## Work task
An exact transcription is needed of the lines below from the one with "Luego coloque cuidadosamente" through the one with "old postcard Rhodos", with no other lines and no pictures.

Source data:
=== Begin Enclosure ===

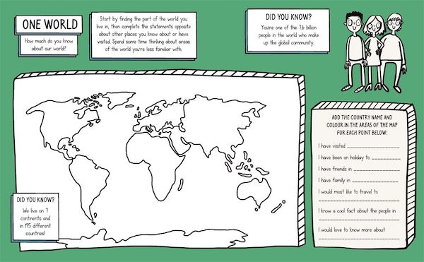 A Mindful Kids Global Citizen activity book for young people to colour, doodle and DIY their way to a more caring, kinder and accepting world.
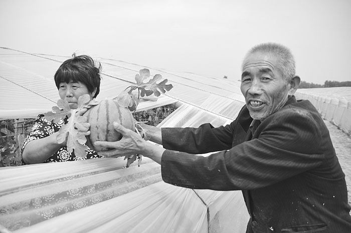 ![]() 贾寺院村温室西瓜种植户正在采摘西瓜。
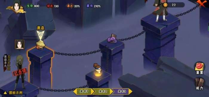 虽然前路的挑战充满“迷幻”,但是学员们却能通过每个格子上的图标来判断下一步将要面对的内容。图标大致分为“遭遇战”、“商店”、“神秘房间”、以及标明了忍者的“BOSS战”等。
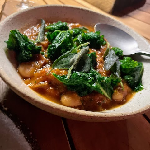 And from out of the fire comes more, this time a ‘Mykonian’ style sausage, curled like a Cumberland, it’s porky perfect and you can taste the fresh herbs embedded inside. An accompanying stew of butter beans, or ‘gigantes’ offers up super soft beans infused with flavour and cheerfully doing the backstroke in a rich tomato sauce topped with barely cooked kale and lots of lovely sage.
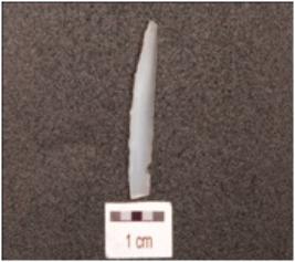 | Description / विवरण | Flake made on chalcedony, flake scars on the dorsal side, smooth surface. |
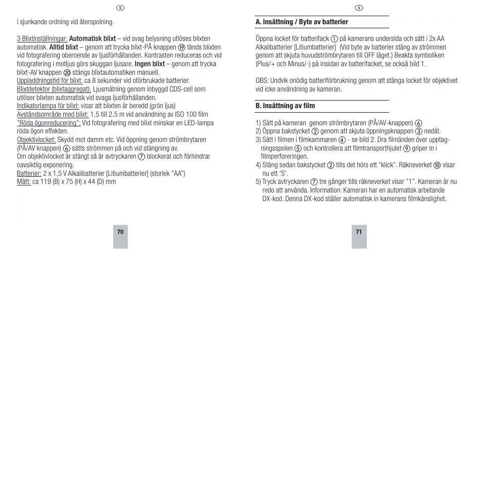 Stäng av strommen (PÄ/AV knapp ⑥) om du inte använder kameran for att undvika onödig batteriförbrukning och skydda objektivet mot damm och smuts. Ta ur batterierna om kameran inte skä användas under en langre tid. Skydda kameran mot regn, fukt, hög temperatur och solljus (forvara aldrig kameran erller filmer i bilen).
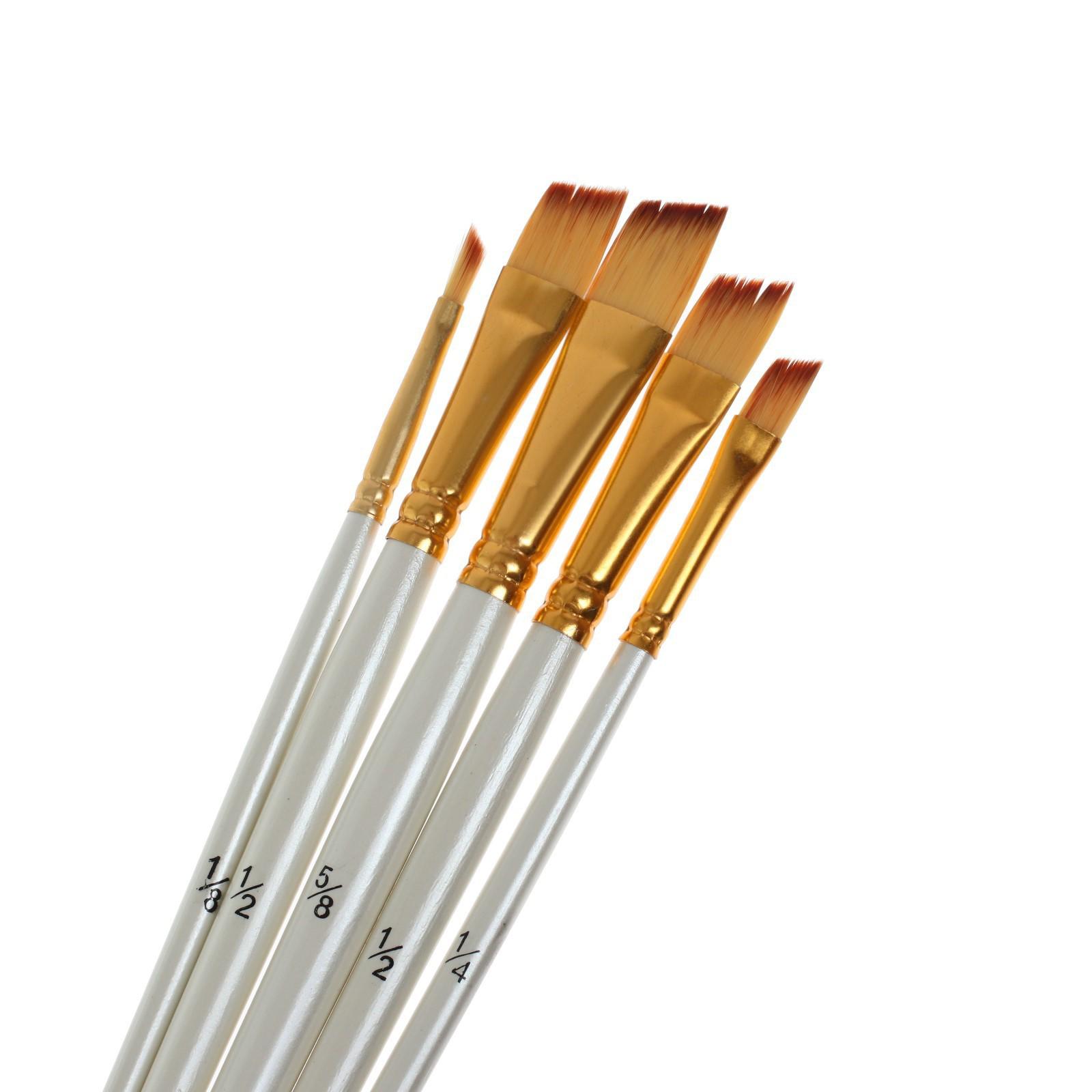 Набор кистей синтетика плоские 5 штук (№1/8,3/8,5/8,1/2,1/4), скошенные, в блистере
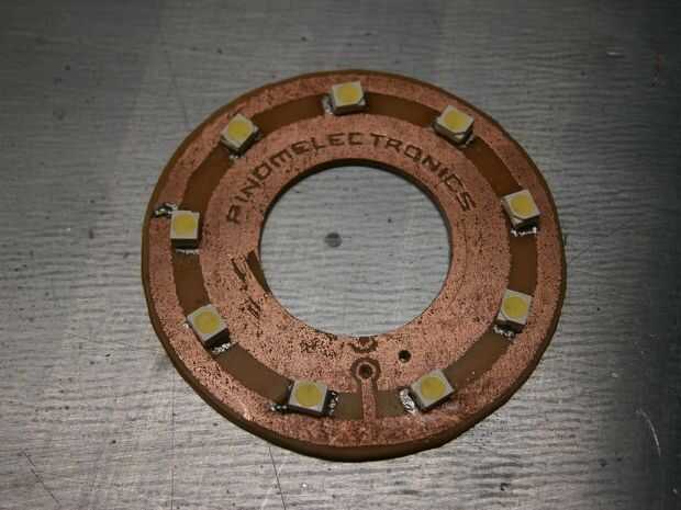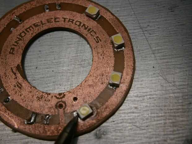 Luego coloque cuidadosamente la ONU LEDs la misma dirección, porque están en paralelo. (He puesto con el ánodo conectado al aro exterior)
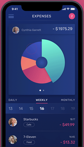 When you click on a portion of the pie, it switches into a bar graph. The bar graph has the carbon-copy colors as the pie chart. It provides information delving into each person’s expenses.
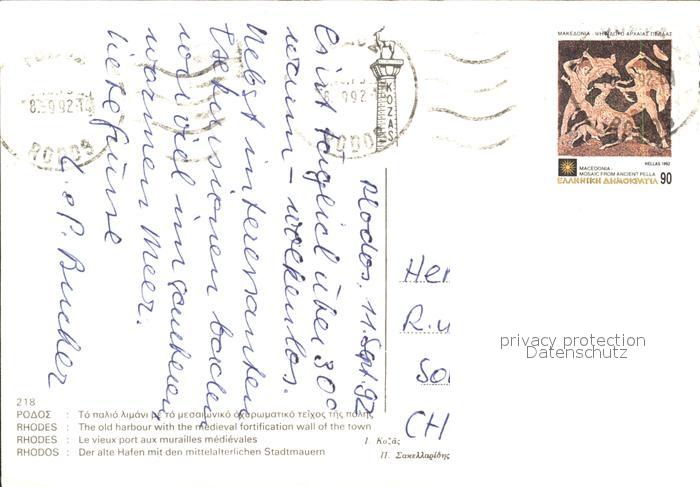 old postcard Rhodos Rhodes aegaeis Alter Hafen mit mittelalterlichen Stadtmauern postalisch gelaufen Erhaltung siehe scans
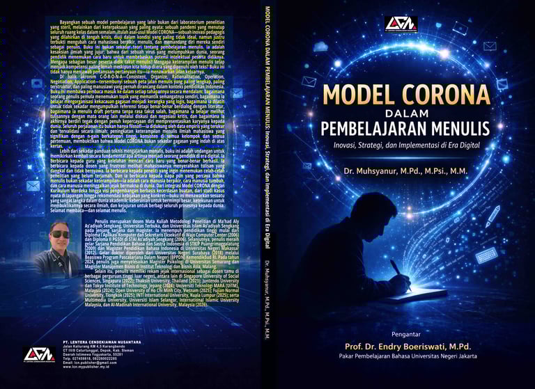 Bayangkan sebuah model pembelajaran yang lahir bukan dari laboratorium penelitian yang steril, melainkan dari keterpaksaan yang paling nyata: sebuah pandemi yang menutup seluruh ruang kelas dalam semalam. Itulah asal-usul Model CORONA—sebuah inovasi pedagogis yang dilahirkan di tengah krisis, diuji dalam kondisi yang paling tidak ideal, namun justru terbukti mengubah cara mahasiswa berpikir, menulis, dan memandang diri mereka sendiri sebagai penulis. Buku ini bukan sekadar teori tentang pembelajaran menulis. Ia adalah kesaksian ilmiah yang jujur: bahwa dari sebuah virus yang melumpuhkan dunia, seorang pendidik menemukan cara baru untuk membebaskan potensi intelektual peserta didiknya. Mengapa sebagian besar peserta didik takut menulis? Mengapa keterampilan menulis tetap menjadi kompetensi paling lemah meskipun kita hidup di era yang dipenuhi oleh teks? Buku ini tidak hanya menjawab pertanyaan-pertanyaan itu—ia menawarkan jalan keluarnya.
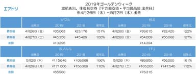 また、GW期間中(2019年4月26日~5月6日)における「海外旅行予約件数」の、前年同期比(2018年4月27日~5月6日)は219%となりました。
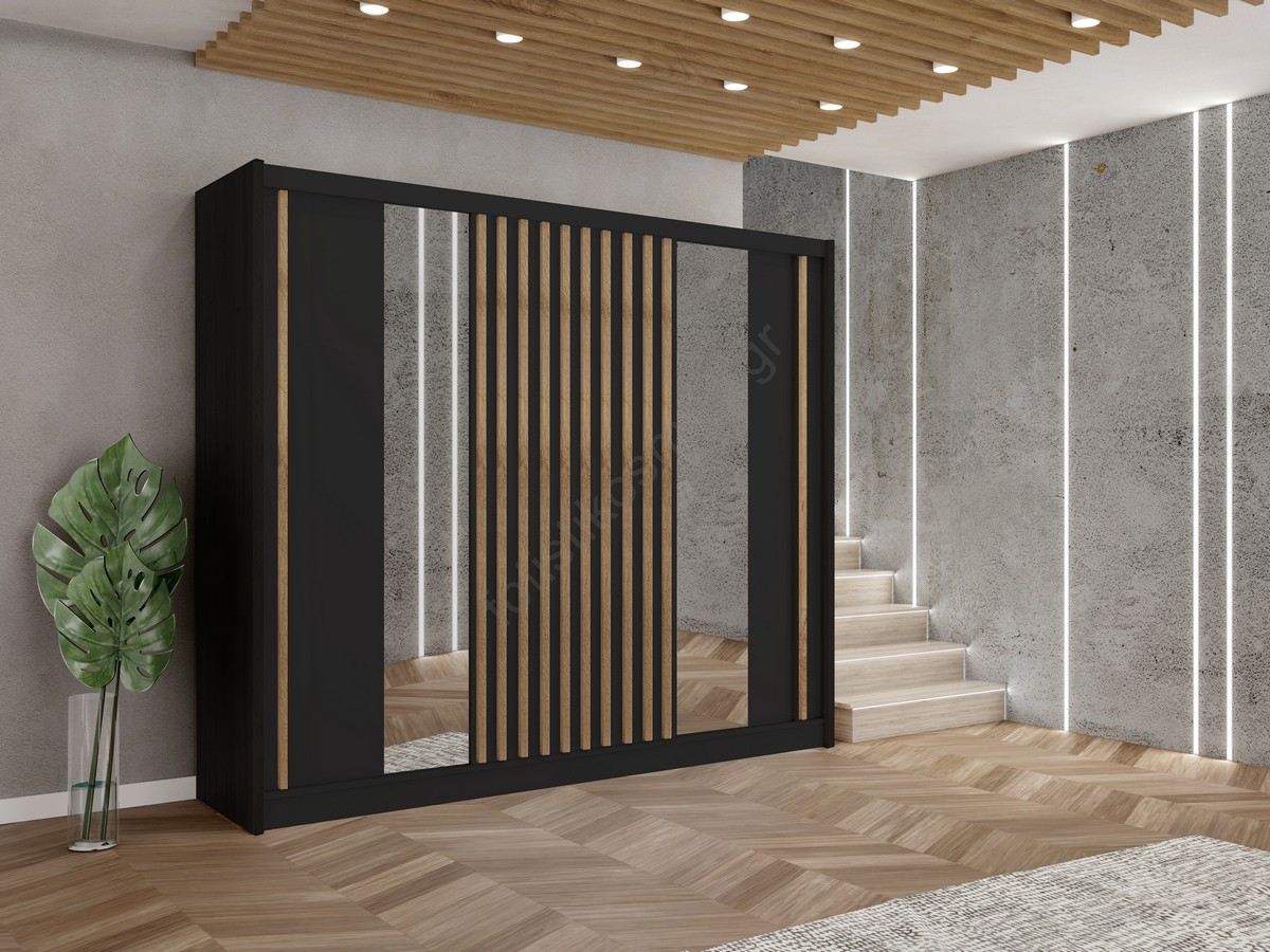 Ντουλάπα με καθρέφτη SANTINO 250x215 cm μαύρη/δρυς craft | Fotisti kosmos

=== End Enclosure ===

## Completed task
 Luego coloque cuidadosamente la ONU LEDs la misma dirección, porque están en paralelo. (He puesto con el ánodo conectado al aro exterior)
 When you click on a portion of the pie, it switches into a bar graph. The bar graph has the carbon-copy colors as the pie chart. It provides information delving into each person’s expenses.
 old postcard Rhodos Rhodes aegaeis Alter Hafen mit mittelalterlichen Stadtmauern postalisch gelaufen Erhaltung siehe scans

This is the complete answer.